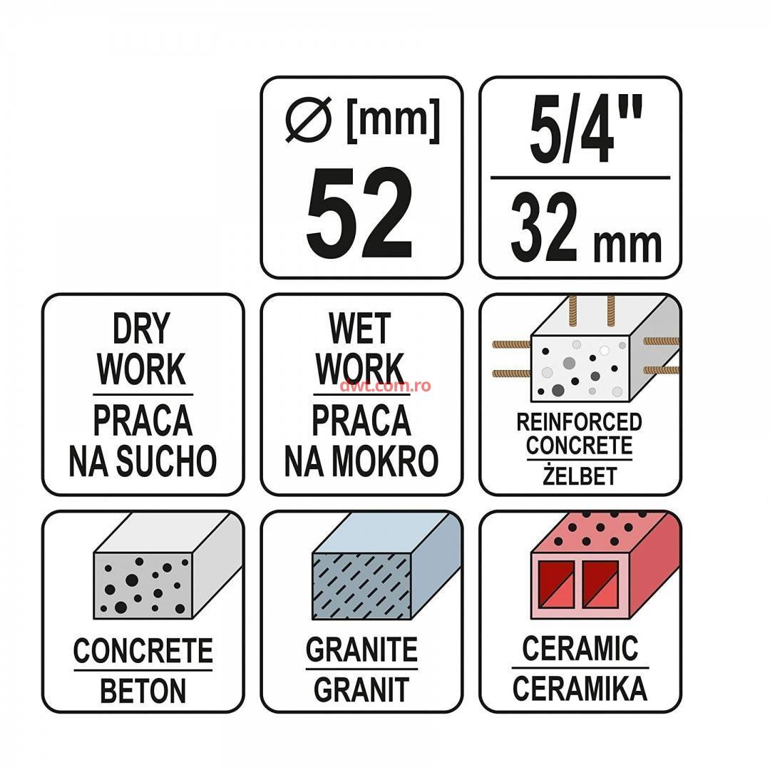 Comanda instant - YATO YT-60373 Carota diamantata pentru beton Yato YT-60373, diametru 52 mm, lungime 400 mm
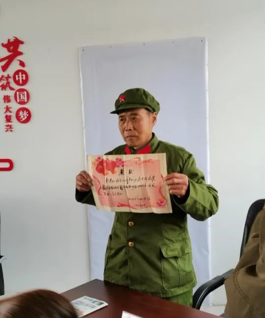 在“咱当兵的人”的旋律中,曾经参加唐山大地震救灾抢险立功的退伍军人陈玉贵,身着绿色军装,讲述当年克服困难、舍生忘死、保护人民的先进事迹,陈玉贵展示了珍藏几十年的军用物品和当年立功的奖状。
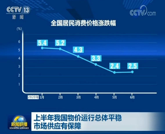 央视网消息(新闻联播):国家统计局今天(7月9日)公布的数据显示,上半年我国物价运行总体平稳,在面临新冠疫情较强冲击下,重要民生商品供应充足,主要农副食品的生产和流通秩序良好,市场需求进一步回升。
────────────────
◆ Try it: An unchanged copy of the listing, with no pictures, should be returned.

◆ Solution:
 Comanda instant - YATO YT-60373 Carota diamantata pentru beton Yato YT-60373, diametru 52 mm, lungime 400 mm
 在“咱当兵的人”的旋律中,曾经参加唐山大地震救灾抢险立功的退伍军人陈玉贵,身着绿色军装,讲述当年克服困难、舍生忘死、保护人民的先进事迹,陈玉贵展示了珍藏几十年的军用物品和当年立功的奖状。
 央视网消息(新闻联播):国家统计局今天(7月9日)公布的数据显示,上半年我国物价运行总体平稳,在面临新冠疫情较强冲击下,重要民生商品供应充足,主要农副食品的生产和流通秩序良好,市场需求进一步回升。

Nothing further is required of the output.